Another major insurer is planning to limit its business in California, in a fresh blow for a state that has seen a crisis in its homeowners’ insurance market.
USAA will significantly increase its wildfire safety requirements for all new home policies in the state, according to a report by The San Francisco Standard. The impact of the changes is still unclear.
Beginning in March of next year, four USAA subsidiaries will only issue new homeowners policies if the home has a wildfire risk score of 1 on a 32-point scale, according to the Standard.

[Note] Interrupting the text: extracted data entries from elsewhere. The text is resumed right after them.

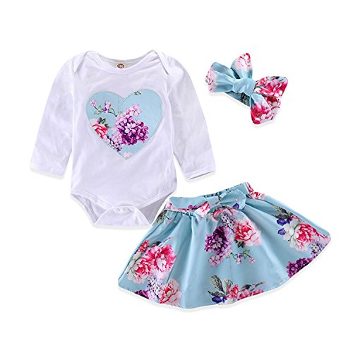 MIOIM ベビー服 女の子 かわい ロンパース 花柄 チュチュスカート ヘアバンド付き 3セット 子供服 夏 秋 新生児 ピアノ発表会 娘の日 出産お祝い 0-18ヶ月 (80CM)
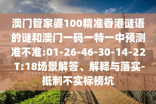 澳門管家婆100精準(zhǔn)香港謎語的謎和澳門一碼一特一中預(yù)測(cè)準(zhǔn)不準(zhǔn):01-26-46-30-14-22 T:18場(chǎng)景解答、解釋與落實(shí)-抵制不實(shí)標(biāo)榜坑
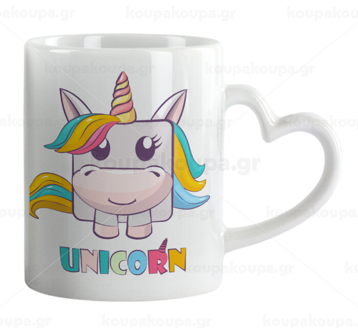 Unicorns cube, Mug heart handle, ceramic, 330ml

The higher the number on the scale, the greater the wildfire risk.
USAA previously had different cutoff scores for different counties, but none of the scores were lower than 12, the Standard reported.
Two of the four businesses – the USAA Casualty Insurance Company and Garrison Property and Casualty Insurance Company – only plan to accept new applications for primary homeowners policies if the customer is replacing an existing policy, the Standard reported.
In a filing with the California insurance regulator, USAA said “expected rate inadequacy” was the cause of the changes.
“Exposure with Wildfire Score of 2 or higher is more unprofitable than exposure with Wildfire Score of 1 due to the wildfire risk,” USAA wrote in the filing.
The situation has become dire enough that California legislators recently wrote to Insurance Commissioner Ricardo Lara demanding action to address the issue.